The airport is supported by local Fixed-Base Operator (FBO) Summit Air, which fuels and hangars aircraft. North Coast Air Care has been based at the Akron Flight facility since May 2000. It services the general aviation community by performing inspections, maintenance, and repairs.

==Accidents and incidents==
- On July 9, 1995, a homebuilt Quickie II was destroyed when it impacted the ground near the Akron-Fulton Airport. The aircraft had been working on takeoffs and landings in the airport's traffic pattern for 15 minutes. After the accident takeoff, the aircraft made a 180 to try to come back to the runway, and witnesses reported the aircraft used excessive maneuvers to try to line up for final. From a near vertical bank, the plane stalled on final. It fell straight down on the left wing and cartwheeled. The cause of the accident was found to be the pilot's improper maneuver during the turn to final approach, which resulted in an inadvertent stall/spin and collision with the terrain.
- On September 10, 1995, a Robinson R-22 Beta was destroyed when it impacted the ground after takeoff at the Akron Fulton Airport. Witnesses to the aircraft's takeoff at the nearby Akron-Canton airport said the helicopter appeared to "wobble" on departure, the engine sounded like it was revving, and the tail rotor appeared to be spinning slower than normal. The probable cause of the accident was found to be the pilot's failure to maintain control of the rotor RPM, and his improper remedial action, which resulted in the rotor stalling.
- On March 19, 2000, a Beech A23 Bonanza was destroyed when it impacted houses in a residential area shortly after takeoff from Akron Fulton International Airport. After takeoff, a witness said that the accident aircraft was "barely climbing" and that the engine noise was constant but sounded like it wasn't at full power. Another witness said he looked out his window and observed the blue and white airplane below the roof-tops and that the aircraft appeared to be "gliding in." The probable cause of the accident was found to be the pilot's improper decision to operate the airplane with known deficiencies.
- On February 12, 2015, a Piper PA-46 veered off the left side of the runway during landing at Akron Fulton Airport. The pilot applied right rudder and left aileron control inputs for the landing. After touchdown, a gust of wind lifted the left wing, resulting in a loss of directional control. The airplane veered off the left side of the runway and into a grass area adjacent to the runway where the nose landing gear collapsed. The probable cause of the accident was found to be the pilot's failure to maintain directional control during a crosswind landing in gusting crosswind conditions.
- On November 10, 2015, a Hawker 700 crashed into an Akron apartment complex shortly before 3:00pm (15:00) EST in rainy weather, near the intersection of Skelton and Mogadore Roads, while on approach to Akron Fulton International Airport. Witnesses reported hearing a loud explosion, and seeing smoke/flames as the crash occurred. All nine occupants of the aircraft, including both pilots, were killed in the crash. Akron police units were the first to report to the scene, followed shortly by firefighters and the Ohio State Highway Patrol. The National Transportation Safety Board dispatched an incident team to the site of the crash.

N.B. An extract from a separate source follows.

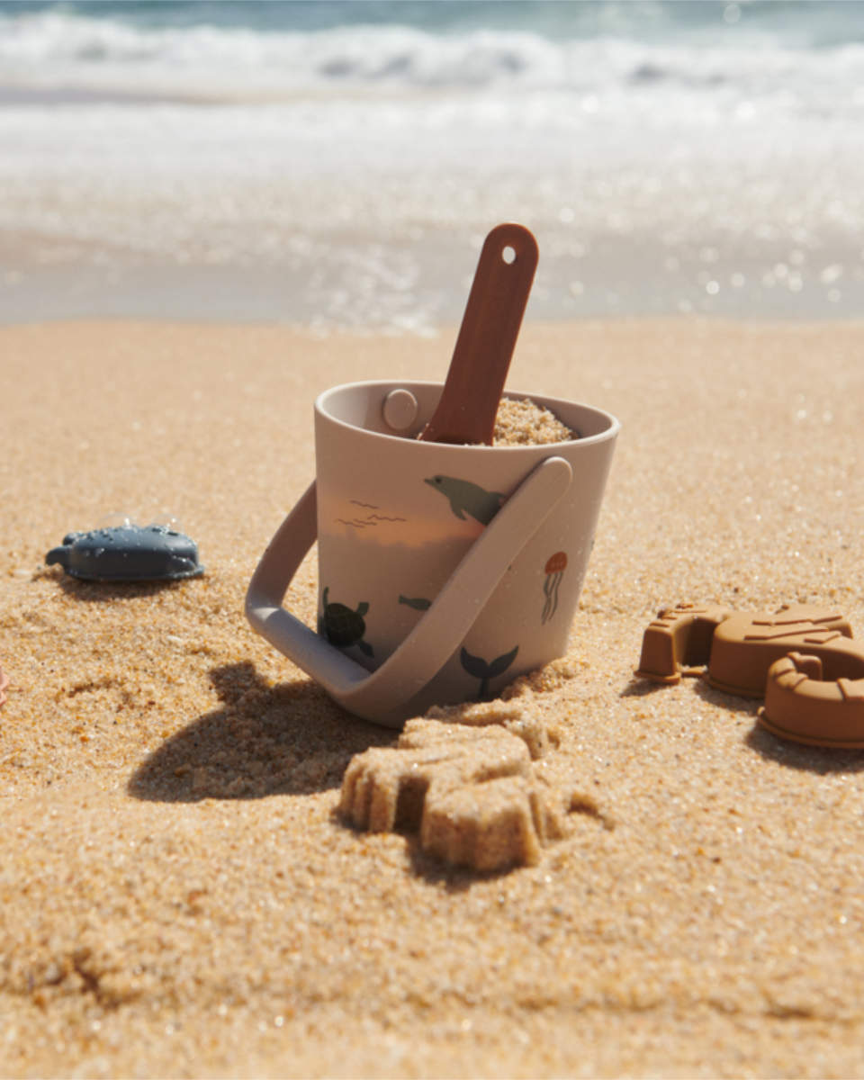 Das Set enthält einen weichen Silikon-Eimer, eine Schaufel und vier passende Sandförmchen. Dadurch können Kinder ihre eigenen kleinen Bauwerke im Sand erschaffen – egal ob am Meer, im Garten oder beim Spielen am Pool.
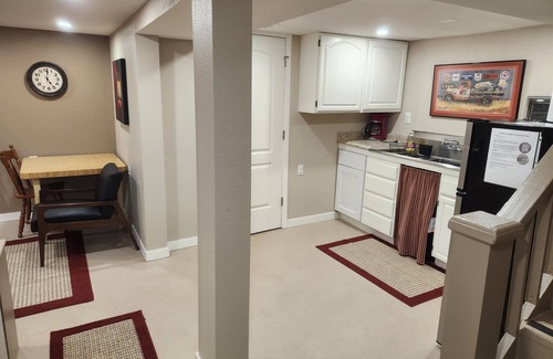This basement suite is newly finished, with a kitchenette, a cozy TV room, and a bedroom with a queen-size bed. The TV room has a futon that can be used as an extra bed.

- On July 4, 2022, a Cessna Skyhawk Cessna 172 flying from Chambers Airport in Tunkannock, Pennsylvania to Weltzien Skypark Airport crashed while attempting an emergency landing at Akron Fulton Intl Airport about a mile Northeast of the runway in Ellet Community Center parking lot. Both pilot and passenger survived the crash. Preliminary investigations suggest the crash was due to fuel exhaustion.
- On May 14, 2026, a Piper PA-28-180 crashed into a residence during a training flight originating from the airport, killing both occupants on board. No one inside the home sustained injuries.